Researchers analyzed data on more than 14,000 men and women between 24 and 32 years old in 2008 from the National Longitudinal Study of Adolescent Health, known as Add Health, funded by the National Institutes of Health.

Researchers found 19 percent had elevated blood pressure, also referred to as hypertension. Only about half of the participants with elevated blood pressure had ever been told by a health-care provider that they had the condition.

“The findings are significant because they indicate that many young adults are at risk of developing heart disease, but are unaware that they have hypertension,” said Quynh Nguyen, a doctoral student at UNC’s Gillings School of Global Public Health and the study’s lead author. Hypertension is a strong risk factor for stroke and coronary heart disease, the leading cause of death for adults in the U.S.

Kathleen Mullan Harris, Ph.D., Add Health’s principal investigator, interim director of the UNC Carolina Population Center and a co-author of the paper, said the findings were noteworthy because they were from the first nationally representative, field-based study of blood pressure to focus on young adults. Other studies have concentrated on older adult populations, in which hypertension is more common, or have included only a small number of young adults, making it difficult to draw conclusions about that age group.

Harris said that the high rate of hypertension among the Add Health study participants was surprising. Another widely cited and reputable study ? the National Health and Nutrition Examination Survey, or NHANES ? reported a much lower rate of hypertension (4 percent) for a similar age group around the same time period (2007-2008). Both studies use the same definition of hypertension: a blood pressure reading of 140/90 mmHg (millimeters of mercury) or more.

“Our respective findings may differ, but the message is clear,” said Harris. “Young adults and the medical professionals they visit shouldn’t assume they’re not old enough to have high blood pressure. This is a condition that leads to chronic illness, premature death and costly medical treatment.

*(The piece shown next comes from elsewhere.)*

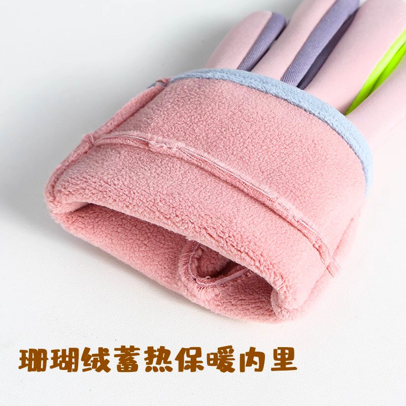 手套女冬季可爱加绒加厚保暖儿童2024新款学生防寒触屏露指男手套

Also notable was the Add Health finding that the number of young adults with elevated blood pressure was almost twice the number who reported being previously told by a health-care provider that they had hypertension (11 percent). Eric Whitsel, M.D., head of the study’s biology core, said that the finding was in line with expectations that measuring blood pressure will identify hypertension in otherwise healthy young adults who were unaware they had the condition.

The Add Health study also found males were much more likely than females to have hypertension (27 percent vs. 11 percent); and young adults without a high school degree were more likely than their college-educated peers to have the condition (22 percent vs. 17 percent).